Netflix's The Witness has shone a spotlight again on the Rachel Nickell murder case. Consisting of three episodes, the series dramatizes the sensational murder case that occurred thirty-four years ago in 1992. British screenwriter Rob Williams, known for his work on The Victim, Suspicion, and Chasing Shadows, created the three-part miniseries.
All three episodes of the miniseries dropped on Netflix this Thursday, with Jordan Bolger appearing as Rachel's romantic partner, André Hanscombe, Max Fincham playing Rachel Nickell's son, Alex, and Jahsaiah Williams playing the young Alex. Variety revealed the official logline of the Netflix series, which reads:
“When Rachel Nickell was murdered on Wimbledon Common in 1992, André became a single parent overnight. Putting his own grief to one side, he made his son Alex – the only eyewitness to the attack – the centre of his world."
The synopsis continues:
"Navigating the unscrupulous media furore and the urgency of an increasingly desperate police investigation, his sole concern became the welfare of his traumatised son. This is the story of how a father and son moved through the aftermath of unimaginable tragedy, from darkness into light.”
Trigger Warning: This portion of the article mentions s*xual and physical violence. Reader discretion is advised.
The Witness: Rachel Nickell murder case explained:
On July 15 1992, Rachel Nickell and her young son Alex were walking their dog on Wimbledon Common in the morning. Suddenly, out of nowhere, an assailant stabbed Rachel after assaulting her. However, he did not physically harm Alex. A passerby had found the young Alex trying to wake his mother.
This incident caused a huge outcry, and there was tremendous pressure on the police to solve this sensational case.

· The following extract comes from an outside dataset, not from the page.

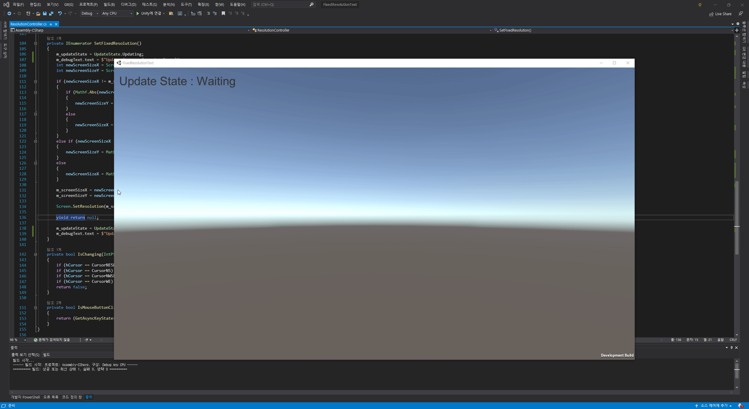 using System; using System.Collections; using System.Runtime.InteropServices; using UnityEngine; using UnityEngine.UI; public class ResolutionController : MonoBehaviour { public float AspectX { get; set; } = 16; public float AspectY { get; set; } = 9; public Text m_debugText; #region ENUMERATIONS private enum Cursors { IDC_ARROW = 32512, IDC_SIZENESW = 32643, IDC_SIZENS = 32645, IDC_SIZENWSE = 32642, IDC_SIZEWE = 32644, } private enum UpdateState { Waiting, Changing, Updating, } #endregion #region WINAPI_DLL [StructLayout(LayoutKind.Sequential)] public struct POINT { public Int32 x; public Int32 y; } private const int VK_LBUTTON = 0x01; private const ushort KEY_HOLD = 0x8000; [DllImport("user32.dll")] private static extern IntPtr GetCursor(); [DllImport("user32.dll")] private static extern IntPtr LoadCursor(IntPtr hInstance, int lpCursorName); [DllImport("user32.dll")] private static extern ushort GetAsyncKeyState(ushort vKey); #endregion #region WINAPI_VARIABLES private IntPtr CursorNESW { get; set; } private IntPtr CursorNS { get; set; } private IntPtr CursorNWSE { get; set; } private IntPtr CursorWE { get; set; } #endregion private float m_aspectRatio; private int m_screenSizeX; private int m_screenSizeY; private UpdateState m_updateState; private void Start() { m_aspectRatio = AspectX / AspectY; m_screenSizeX = Screen.width; m_screenSizeY = Screen.height; Initialize(); } private void Initialize() { CursorNESW = LoadCursor(IntPtr.Zero, (int)Cursors.IDC_SIZENESW); CursorNS = LoadCursor(IntPtr.Zero, (int)Cursors.IDC_SIZENS); CursorNWSE = LoadCursor(IntPtr.Zero, (int)Cursors.IDC_SIZENWSE); CursorWE = LoadCursor(IntPtr.Zero, (int)Cursors.IDC_SIZEWE); m_updateState = UpdateState.Waiting; m_debugText.text = $"Update State : {m_updateState}"; } private void Update() { IntPtr hCursor = GetCursor(); if (m_updateState == UpdateState.Waiting && IsChanging(hCursor) && IsMouseButtonClicked()) { m_updateState = UpdateState.Changing; m_debugText.text = $"Update State : {m_updateState}"; } else if(m_updateState == UpdateState.Changing && !IsMouseButtonClicked()) { StartCoroutine(SetFixedResolution()); } } private IEnumerator SetFixedResolution() { m_updateState = UpdateState.Updating; m_debugText.text = $"Update State : {m_updateState}"; int newScreenSizeX = Screen.width; int newScreenSizeY = Screen.height; if (newScreenSizeX != m_screenSizeX && newScreenSizeY != m_screenSizeY) { if (Mathf.Abs(newScreenSizeX - m_screenSizeX) > Mathf.Abs(newScreenSizeY - m_screenSizeY)) { newScreenSizeY = Mathf.FloorToInt(newScreenSizeX / m_aspectRatio); } else { newScreenSizeX = Mathf.FloorToInt(newScreenSizeY * m_aspectRatio); } } else if (newScreenSizeX != m_screenSizeX) { newScreenSizeY = Mathf.FloorToInt(newScreenSizeX / m_aspectRatio); } else { newScreenSizeX = Mathf.FloorToInt(newScreenSizeY * m_aspectRatio); } m_screenSizeX = newScreenSizeX; m_screenSizeY = newScreenSizeY; Screen.SetResolution(m_screenSizeX, m_screenSizeY, false); yield return null; m_updateState = UpdateState.Waiting; m_debugText.text = $"Update State : {m_updateState}"; } private bool IsChanging(IntPtr hCursor) { if (hCursor == CursorNESW) return true; if (hCursor == CursorNS) return true; if (hCursor == CursorNWSE) return true; if (hCursor == CursorWE) return true; return false; } private bool IsMouseButtonClicked() { return (GetAsyncKeyState(VK_LBUTTON) & KEY_HOLD) != 0; } }빌드 후 실행 결과는 다음과 같다.

The investigators initially targeted Colin Stagg, who also frequently walked his dog in Wimbledon Common. Due to a lack of forensic evidence, the police asked criminal psychologist Paul Britton to create a profile of the killer. After deciding that Stagg fit Britton's description, the police investigated him.

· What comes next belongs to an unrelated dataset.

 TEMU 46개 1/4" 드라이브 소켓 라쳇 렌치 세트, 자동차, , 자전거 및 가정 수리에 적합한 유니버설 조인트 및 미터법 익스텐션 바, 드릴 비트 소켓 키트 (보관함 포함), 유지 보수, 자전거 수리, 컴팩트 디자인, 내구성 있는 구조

At one point, the police also trapped Stagg using a policewoman feigning romantic interest in him. She pretended to be into violence and got Stagg to write letters describing his fantasies. Paul Britton interpreted the letters as "violent" but insisted that they did not indicate that Colin Stagg was involved in Rachel's death. They even taped a conversation in which the policewoman tried to get him to accept that he killed Rachel, only to deny it.
That did not stop the police from arresting and charging him for Nickell's murder. They justified this by saying that Stagg described some aspects of the murder that only the assailant could have known. However, he was acquitted in September 1994 as Sir Harry Henry Ognall, the judge, criticized the police for deception and excluded the entrapment evidence.
Lead detective Keith Pedder continued to insist that Stagg was guilty for a long time. He said this in a segment of ITV Real Crime in 2001:
"Colin Stagg has been through a version of justice, albeit truncated, and he has been found not guilty. But I wonder whether he can actually say hand on heart that he believes people will meet him in the street and believe that. I do not believe the system served anybody that particular day."
Colin Stagg wasn't acquitted until 2008:
Stagg's name was repeatedly dragged through the mud for years despite being acquitted by the court. It wasn't until 2008 that he was truly exonerated, as Robert Napper pleaded guilty to Rachel Nickell's manslaughter on the grounds of diminished responsibility. The government offered Stagg £706,000 for compensation in August 2008.
Alex Tribick, Colin's solicitor, revealed what his client wanted at the time:
"Of course what he really wanted was an apology from the Metropolitan police and I think he has accepted that is something he will never get."
However, in December of the same year, Stagg got justice when Robert Napper pleaded guilty. Stagg said this after getting the apology:
"It has been a long time coming. It would have been nicer if the Met could have looked me in the eye while they did it, but I'll take what's on offer."
Who is Robert Napper? Where is he today?

Robert Napper was one of the initial suspects back in 1995, but he denied his involvement. However, Scotland Yard interrogated Napper in July 2006, when he was institutionalized in Broadmoor psychiatric hospital. He was being treated for Asperger syndrome and paranoid schizophrenia at Broadmoor after his conviction for murdering Samantha Bisset and her four-year-old daughter, Jazmine.
Napper had committed the murders of Samantha and Jazmine in November 1993, a year after Rachel Nickell's murder. He was ultimately charged with Nickell's murder in November 2007. A year later, in December, Justice Griffith Williams ordered that Napper should be indefinitely institutionalized in Broadmoor after describing him as a "dangerous man". It is highly unlikely that Napper would ever be released from the psychiatric hospital.
The Witness dramatizes these events. But this scripted series is not the only project dealing with this case. The Murder of Rachel Nickell, a one-and-a-half-hour documentary, is also dropping on Netflix the same day.